Supplied material:
☆ ☆ ☆ ☆ ☆

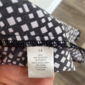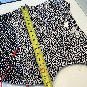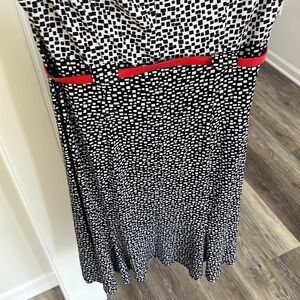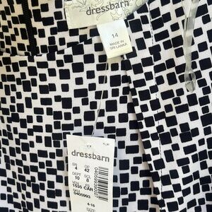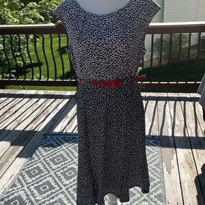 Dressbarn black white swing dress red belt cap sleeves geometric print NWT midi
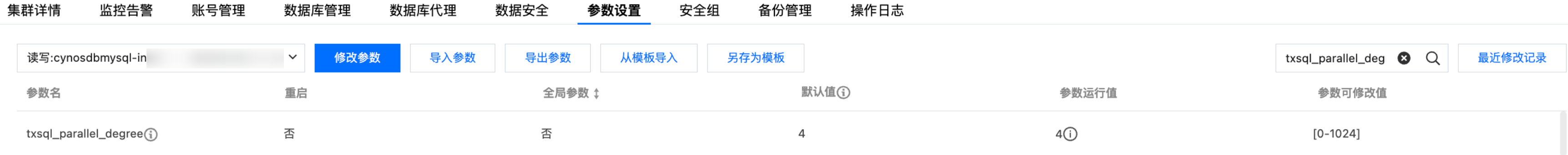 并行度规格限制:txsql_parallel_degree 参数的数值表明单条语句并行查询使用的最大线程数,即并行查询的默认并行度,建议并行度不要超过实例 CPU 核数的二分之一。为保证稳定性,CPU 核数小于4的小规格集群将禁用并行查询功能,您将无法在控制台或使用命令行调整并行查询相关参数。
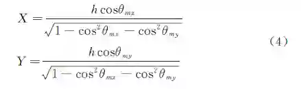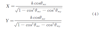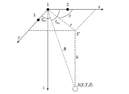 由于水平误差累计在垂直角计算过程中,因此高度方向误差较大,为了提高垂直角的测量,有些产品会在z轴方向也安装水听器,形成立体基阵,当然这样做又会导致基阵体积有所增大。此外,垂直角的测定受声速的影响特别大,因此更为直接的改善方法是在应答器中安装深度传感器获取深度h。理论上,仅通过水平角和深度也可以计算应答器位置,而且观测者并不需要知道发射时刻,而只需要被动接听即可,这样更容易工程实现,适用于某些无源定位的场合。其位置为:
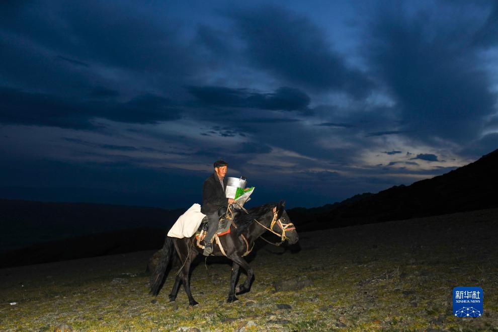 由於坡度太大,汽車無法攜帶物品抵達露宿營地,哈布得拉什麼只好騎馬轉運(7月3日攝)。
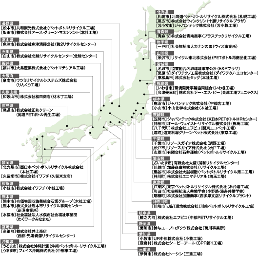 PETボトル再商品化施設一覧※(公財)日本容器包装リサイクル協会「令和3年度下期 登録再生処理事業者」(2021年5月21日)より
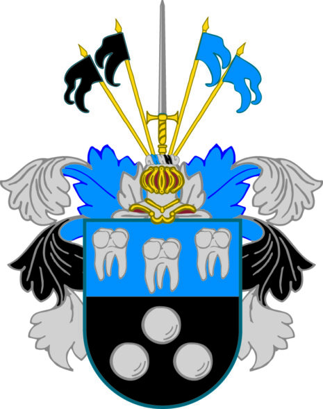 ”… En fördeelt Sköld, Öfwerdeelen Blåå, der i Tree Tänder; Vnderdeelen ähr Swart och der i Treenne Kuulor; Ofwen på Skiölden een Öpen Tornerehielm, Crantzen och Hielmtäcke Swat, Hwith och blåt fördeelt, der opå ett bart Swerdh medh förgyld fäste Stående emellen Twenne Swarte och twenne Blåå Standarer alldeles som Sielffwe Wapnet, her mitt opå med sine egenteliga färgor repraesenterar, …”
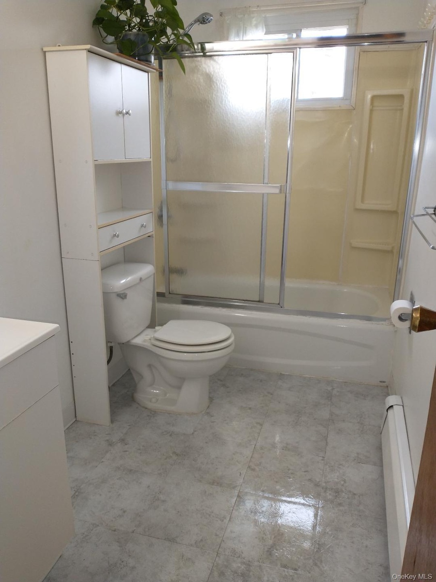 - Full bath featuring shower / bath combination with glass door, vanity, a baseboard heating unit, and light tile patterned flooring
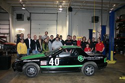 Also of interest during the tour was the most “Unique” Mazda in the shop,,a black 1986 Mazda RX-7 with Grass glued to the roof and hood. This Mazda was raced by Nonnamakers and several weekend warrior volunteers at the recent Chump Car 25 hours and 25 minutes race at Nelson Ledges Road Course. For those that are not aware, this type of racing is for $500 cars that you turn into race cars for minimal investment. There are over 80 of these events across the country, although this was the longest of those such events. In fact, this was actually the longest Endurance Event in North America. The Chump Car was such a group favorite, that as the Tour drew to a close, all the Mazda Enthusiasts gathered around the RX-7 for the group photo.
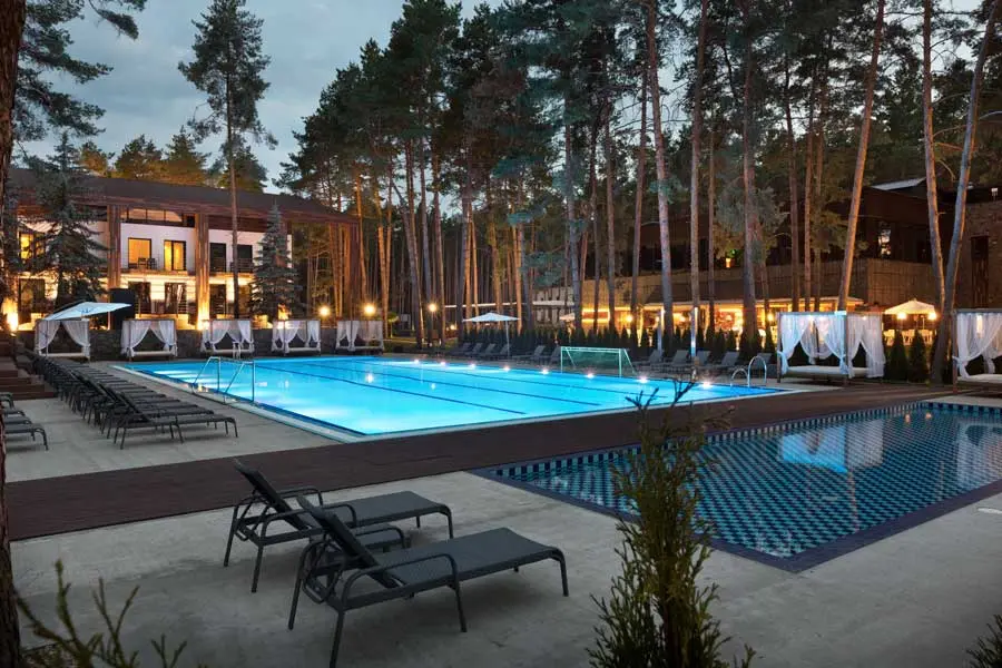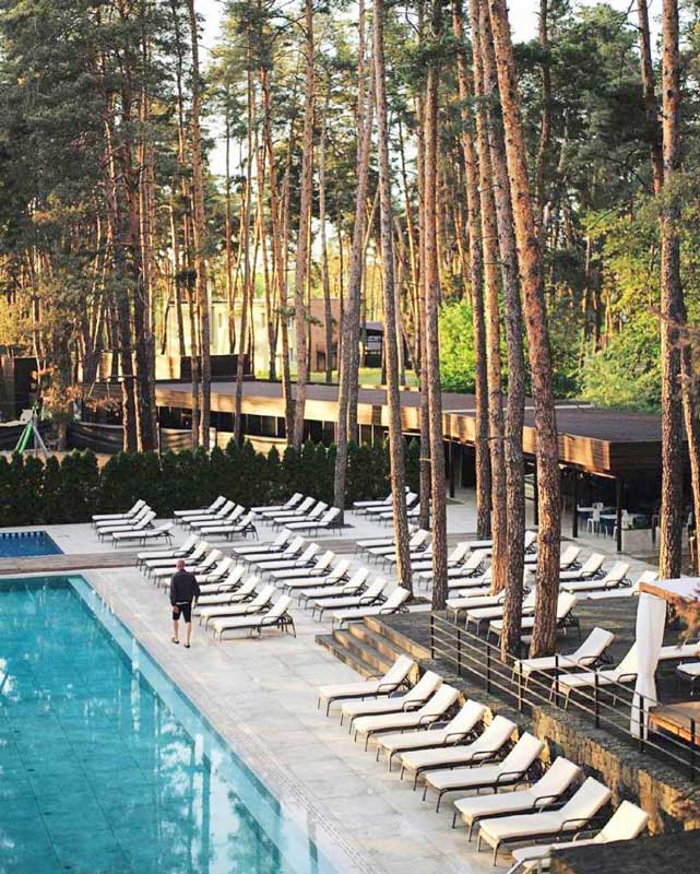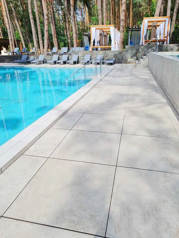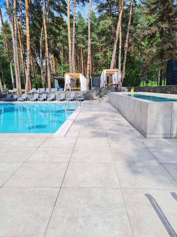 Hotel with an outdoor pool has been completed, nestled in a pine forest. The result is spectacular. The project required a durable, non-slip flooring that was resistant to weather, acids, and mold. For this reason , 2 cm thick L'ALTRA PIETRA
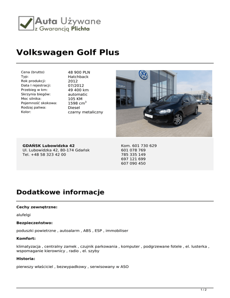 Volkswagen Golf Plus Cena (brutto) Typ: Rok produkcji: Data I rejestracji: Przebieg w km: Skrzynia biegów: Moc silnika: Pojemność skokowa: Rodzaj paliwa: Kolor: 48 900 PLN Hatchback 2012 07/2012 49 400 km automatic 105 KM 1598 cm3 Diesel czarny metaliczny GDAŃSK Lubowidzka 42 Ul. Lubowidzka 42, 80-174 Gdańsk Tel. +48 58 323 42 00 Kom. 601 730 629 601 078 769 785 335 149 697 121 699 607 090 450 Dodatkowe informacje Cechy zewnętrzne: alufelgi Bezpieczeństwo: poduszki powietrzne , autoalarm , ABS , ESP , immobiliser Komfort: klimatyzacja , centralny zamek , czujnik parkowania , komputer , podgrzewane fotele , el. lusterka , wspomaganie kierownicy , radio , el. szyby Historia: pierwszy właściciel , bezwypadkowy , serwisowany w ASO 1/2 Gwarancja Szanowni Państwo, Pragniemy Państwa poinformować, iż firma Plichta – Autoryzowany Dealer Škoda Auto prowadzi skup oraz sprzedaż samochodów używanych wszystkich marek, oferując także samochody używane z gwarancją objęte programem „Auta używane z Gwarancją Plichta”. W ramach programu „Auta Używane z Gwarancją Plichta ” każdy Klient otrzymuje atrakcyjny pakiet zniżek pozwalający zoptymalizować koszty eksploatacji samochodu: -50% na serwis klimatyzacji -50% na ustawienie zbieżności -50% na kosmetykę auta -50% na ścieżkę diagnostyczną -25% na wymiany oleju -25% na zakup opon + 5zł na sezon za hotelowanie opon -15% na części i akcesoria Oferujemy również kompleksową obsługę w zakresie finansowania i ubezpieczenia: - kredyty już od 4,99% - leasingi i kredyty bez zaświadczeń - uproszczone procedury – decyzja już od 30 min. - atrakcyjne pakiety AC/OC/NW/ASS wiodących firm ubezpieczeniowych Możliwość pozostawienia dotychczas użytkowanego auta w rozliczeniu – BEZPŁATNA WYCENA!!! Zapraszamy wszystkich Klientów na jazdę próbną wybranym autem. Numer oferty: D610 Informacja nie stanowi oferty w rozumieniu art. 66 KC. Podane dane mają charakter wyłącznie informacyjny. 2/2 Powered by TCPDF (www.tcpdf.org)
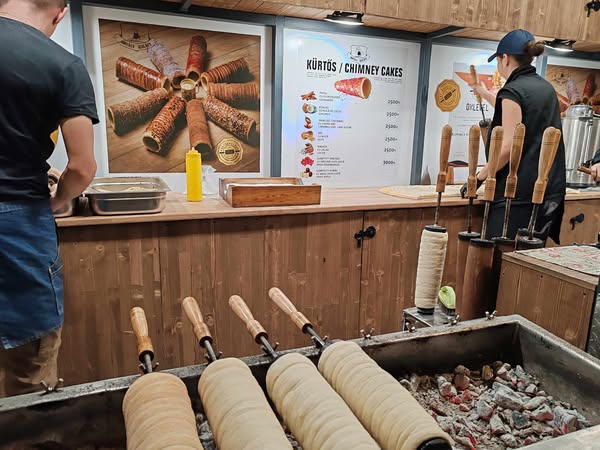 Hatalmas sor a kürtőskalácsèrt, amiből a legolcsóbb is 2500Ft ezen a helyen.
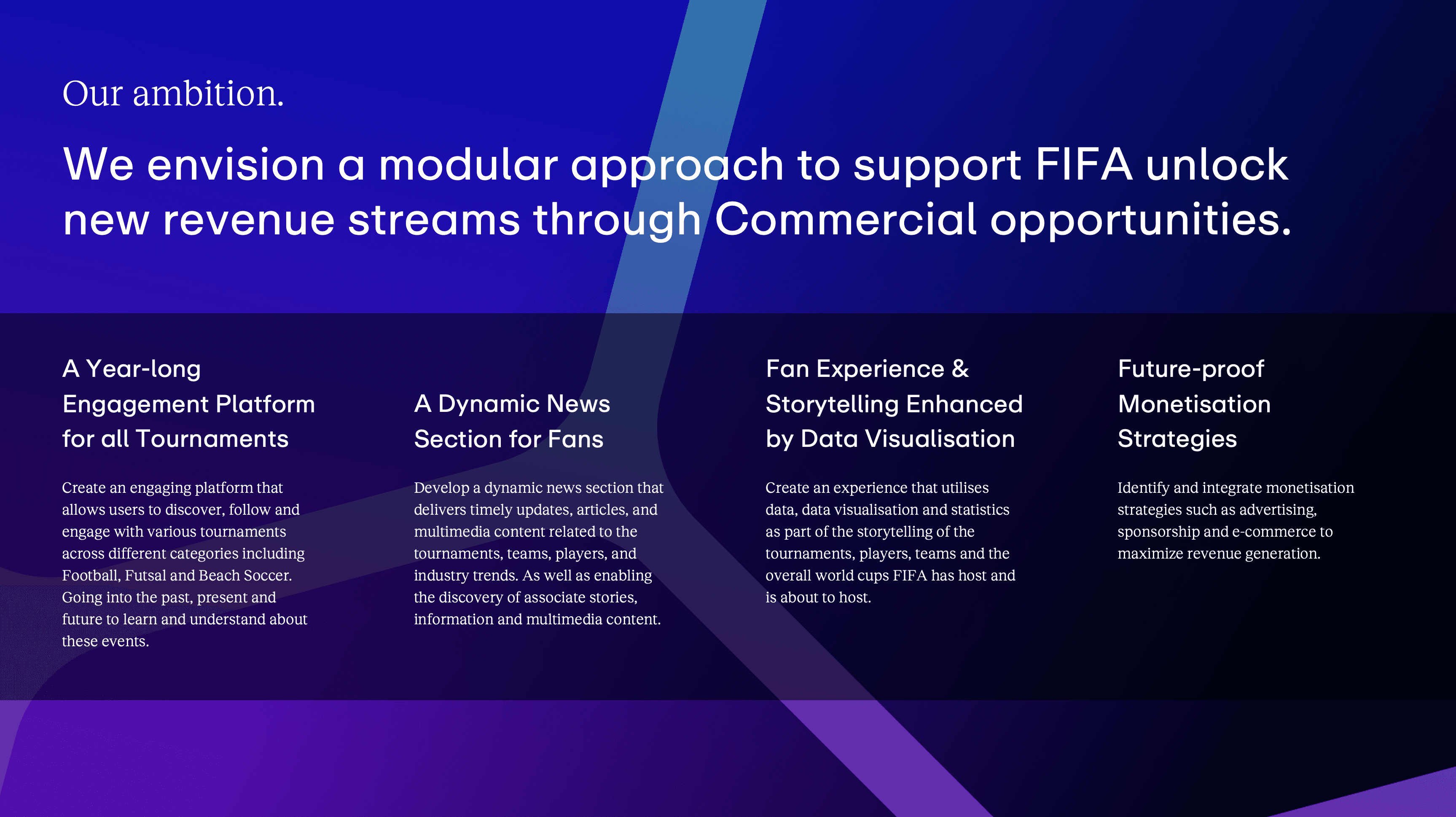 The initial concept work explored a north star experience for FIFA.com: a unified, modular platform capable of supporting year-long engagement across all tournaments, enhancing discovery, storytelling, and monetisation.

☆ ☆ ☆ ☆ ☆

Work request: Every entry above should be written out again verbatim, with no pictures included.

Answer space:
 Dressbarn black white swing dress red belt cap sleeves geometric print NWT midi
 并行度规格限制:txsql_parallel_degree 参数的数值表明单条语句并行查询使用的最大线程数,即并行查询的默认并行度,建议并行度不要超过实例 CPU 核数的二分之一。为保证稳定性,CPU 核数小于4的小规格集群将禁用并行查询功能,您将无法在控制台或使用命令行调整并行查询相关参数。
 由于水平误差累计在垂直角计算过程中,因此高度方向误差较大,为了提高垂直角的测量,有些产品会在z轴方向也安装水听器,形成立体基阵,当然这样做又会导致基阵体积有所增大。此外,垂直角的测定受声速的影响特别大,因此更为直接的改善方法是在应答器中安装深度传感器获取深度h。理论上,仅通过水平角和深度也可以计算应答器位置,而且观测者并不需要知道发射时刻,而只需要被动接听即可,这样更容易工程实现,适用于某些无源定位的场合。其位置为:
 由於坡度太大,汽車無法攜帶物品抵達露宿營地,哈布得拉什麼只好騎馬轉運(7月3日攝)。
 PETボトル再商品化施設一覧※(公財)日本容器包装リサイクル協会「令和3年度下期 登録再生処理事業者」(2021年5月21日)より
 ”… En fördeelt Sköld, Öfwerdeelen Blåå, der i Tree Tänder; Vnderdeelen ähr Swart och der i Treenne Kuulor; Ofwen på Skiölden een Öpen Tornerehielm, Crantzen och Hielmtäcke Swat, Hwith och blåt fördeelt, der opå ett bart Swerdh medh förgyld fäste Stående emellen Twenne Swarte och twenne Blåå Standarer alldeles som Sielffwe Wapnet, her mitt opå med sine egenteliga färgor repraesenterar, …”
 - Full bath featuring shower / bath combination with glass door, vanity, a baseboard heating unit, and light tile patterned flooring
 Also of interest during the tour was the most “Unique” Mazda in the shop,,a black 1986 Mazda RX-7 with Grass glued to the roof and hood. This Mazda was raced by Nonnamakers and several weekend warrior volunteers at the recent Chump Car 25 hours and 25 minutes race at Nelson Ledges Road Course. For those that are not aware, this type of racing is for $500 cars that you turn into race cars for minimal investment. There are over 80 of these events across the country, although this was the longest of those such events. In fact, this was actually the longest Endurance Event in North America. The Chump Car was such a group favorite, that as the Tour drew to a close, all the Mazda Enthusiasts gathered around the RX-7 for the group photo.
 Hotel with an outdoor pool has been completed, nestled in a pine forest. The result is spectacular. The project required a durable, non-slip flooring that was resistant to weather, acids, and mold. For this reason , 2 cm thick L'ALTRA PIETRA
 Volkswagen Golf Plus Cena (brutto) Typ: Rok produkcji: Data I rejestracji: Przebieg w km: Skrzynia biegów: Moc silnika: Pojemność skokowa: Rodzaj paliwa: Kolor: 48 900 PLN Hatchback 2012 07/2012 49 400 km automatic 105 KM 1598 cm3 Diesel czarny metaliczny GDAŃSK Lubowidzka 42 Ul. Lubowidzka 42, 80-174 Gdańsk Tel. +48 58 323 42 00 Kom. 601 730 629 601 078 769 785 335 149 697 121 699 607 090 450 Dodatkowe informacje Cechy zewnętrzne: alufelgi Bezpieczeństwo: poduszki powietrzne , autoalarm , ABS , ESP , immobiliser Komfort: klimatyzacja , centralny zamek , czujnik parkowania , komputer , podgrzewane fotele , el. lusterka , wspomaganie kierownicy , radio , el. szyby Historia: pierwszy właściciel , bezwypadkowy , serwisowany w ASO 1/2 Gwarancja Szanowni Państwo, Pragniemy Państwa poinformować, iż firma Plichta – Autoryzowany Dealer Škoda Auto prowadzi skup oraz sprzedaż samochodów używanych wszystkich marek, oferując także samochody używane z gwarancją objęte programem „Auta używane z Gwarancją Plichta”. W ramach programu „Auta Używane z Gwarancją Plichta ” każdy Klient otrzymuje atrakcyjny pakiet zniżek pozwalający zoptymalizować koszty eksploatacji samochodu: -50% na serwis klimatyzacji -50% na ustawienie zbieżności -50% na kosmetykę auta -50% na ścieżkę diagnostyczną -25% na wymiany oleju -25% na zakup opon + 5zł na sezon za hotelowanie opon -15% na części i akcesoria Oferujemy również kompleksową obsługę w zakresie finansowania i ubezpieczenia: - kredyty już od 4,99% - leasingi i kredyty bez zaświadczeń - uproszczone procedury – decyzja już od 30 min. - atrakcyjne pakiety AC/OC/NW/ASS wiodących firm ubezpieczeniowych Możliwość pozostawienia dotychczas użytkowanego auta w rozliczeniu – BEZPŁATNA WYCENA!!! Zapraszamy wszystkich Klientów na jazdę próbną wybranym autem. Numer oferty: D610 Informacja nie stanowi oferty w rozumieniu art. 66 KC. Podane dane mają charakter wyłącznie informacyjny. 2/2 Powered by TCPDF (www.tcpdf.org)
 Hatalmas sor a kürtőskalácsèrt, amiből a legolcsóbb is 2500Ft ezen a helyen.
 The initial concept work explored a north star experience for FIFA.com: a unified, modular platform capable of supporting year-long engagement across all tournaments, enhancing discovery, storytelling, and monetisation.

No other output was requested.